▶ **WHAT YOU NEED TO DO**
Looking at the listing below, retype exactly the lines starting at the one containing "はじめての夜コメ 福袋チケッ" and ending at the one containing "Haryana Governor Bandaru", both included, and nothing else.

▶ **RECORDS FOR THE EXERCISE**

+ + + + +

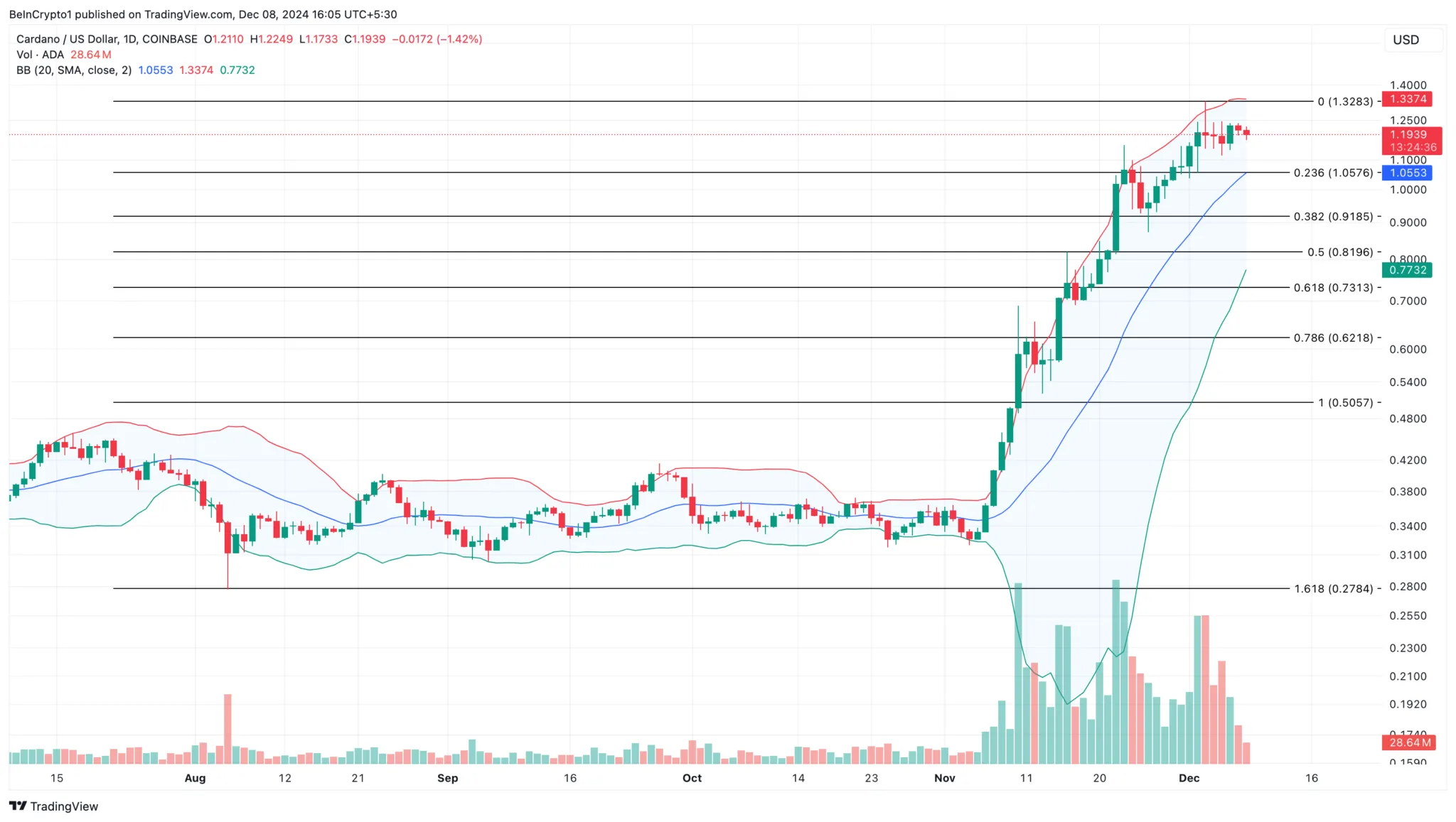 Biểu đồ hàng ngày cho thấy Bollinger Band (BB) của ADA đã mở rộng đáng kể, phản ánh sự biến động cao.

+ + + + +

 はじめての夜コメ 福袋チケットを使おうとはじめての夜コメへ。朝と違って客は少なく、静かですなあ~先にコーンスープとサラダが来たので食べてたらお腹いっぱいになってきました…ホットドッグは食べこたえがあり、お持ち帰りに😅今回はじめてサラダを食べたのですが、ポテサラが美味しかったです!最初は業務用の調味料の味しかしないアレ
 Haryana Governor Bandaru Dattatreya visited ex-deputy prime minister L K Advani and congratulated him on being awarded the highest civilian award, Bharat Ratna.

+ + + + +

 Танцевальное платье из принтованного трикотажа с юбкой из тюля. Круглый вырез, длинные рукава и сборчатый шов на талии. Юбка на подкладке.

+ + + + +

▶ **EXERCISE RESULT**
 はじめての夜コメ 福袋チケットを使おうとはじめての夜コメへ。朝と違って客は少なく、静かですなあ~先にコーンスープとサラダが来たので食べてたらお腹いっぱいになってきました…ホットドッグは食べこたえがあり、お持ち帰りに😅今回はじめてサラダを食べたのですが、ポテサラが美味しかったです!最初は業務用の調味料の味しかしないアレ
 Haryana Governor Bandaru Dattatreya visited ex-deputy prime minister L K Advani and congratulated him on being awarded the highest civilian award, Bharat Ratna.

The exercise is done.